Noninterventionist models. In his discussion of the limitations of the “hands-off” evolutionary models Rau emphasizes the issue of information that is a cornerstone of much of the Intelligent Design movement. He alludes to the arguments in Stephen Meyer’s book Signature in the Cell. He suggests, in fact, that the argument made by YEC proponents that evolution violates the second law of thermodynamics is related primarily to information.
Opponents often misstate the YEC argument in this area, saying that they ignore the fact that the earth is not a closed system but receives an input of energy from the sun, thus the reduction of entropy does not violate the second law. But the YEC argument (simply put) is that input of energy by itself in the absence of an organizing factor, does not reduce the entropy of a system, which is true. Photosynthesis and various chemosynthetic mechanisms currently provide the organizing principle, but again the question reverts to what organizing principle allowed these mechanism to form in the first place. Any organizing structure, like the organized structure it produces is inherently related to information. (p. 167)

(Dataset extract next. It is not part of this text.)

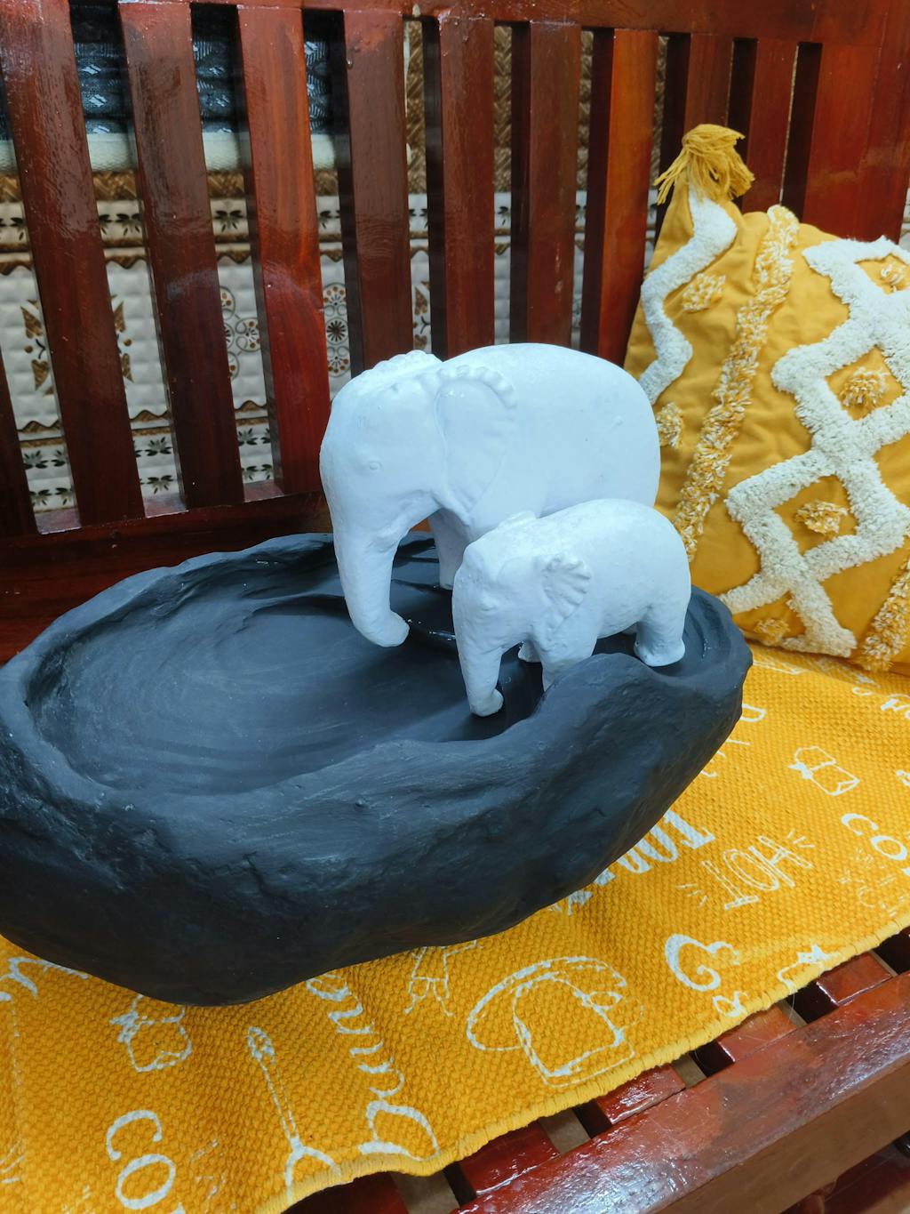 The recieved product lacks the finishing and clarity of the items shown in the website. The elephants have no distinguishable features and just resemble something a 5 year old would craft out of play dough.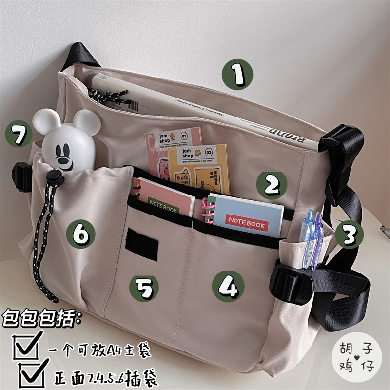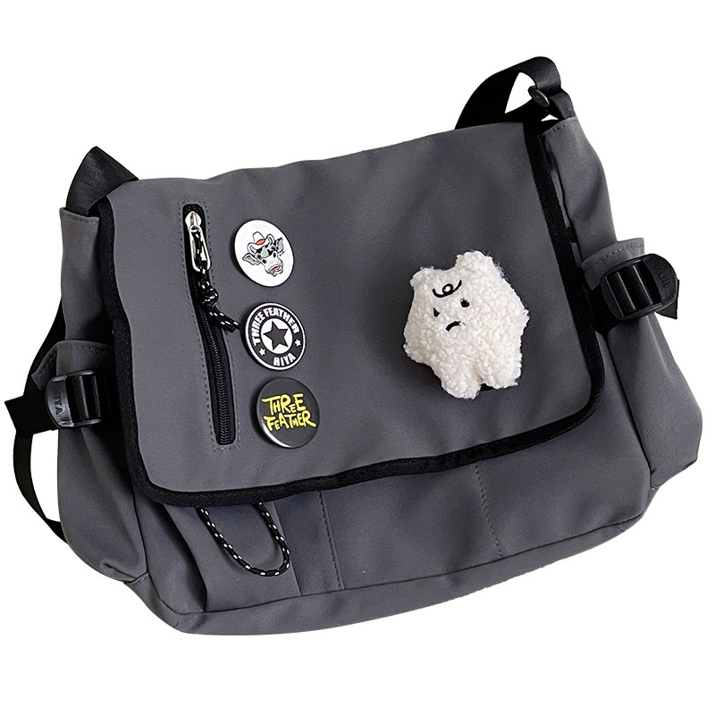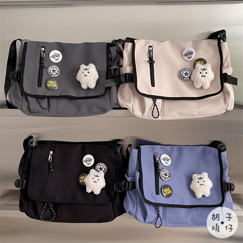 ins韩版复古工装潮搭邮差包男日系少女学生斜挎包大容量上课书包

I think Rau’s description here also leads to an errant view of entropy. Certainly it is true that a rearrangement of energy resulting in an increase of entropy elsewhere and a decrease of entropy in the system requires an organizing principle. Ice forms from water (a local decrease in entropy) as entropy increases elsewhere because of the intermolecular forces that favor an organized structure. Without the influence of the intermolecular forces ice would not form. But the organizing principle need not have anything to do with “information”. And it need not involve energy flowing into the system at all, it may involve energy flowing out of a system. “Self-organization” is an active area of research, albeit generally surrounding systems substantially less complex than the simplest cell. The challenge is to understand the underlying organizing principles. But whether we understand the principles or not, there is still no violation of the second law as long as the entropy of the universe increases.
Rau is quite right, however, that the origin of life remains a major challenge for any view of origins that rules out divine intervention.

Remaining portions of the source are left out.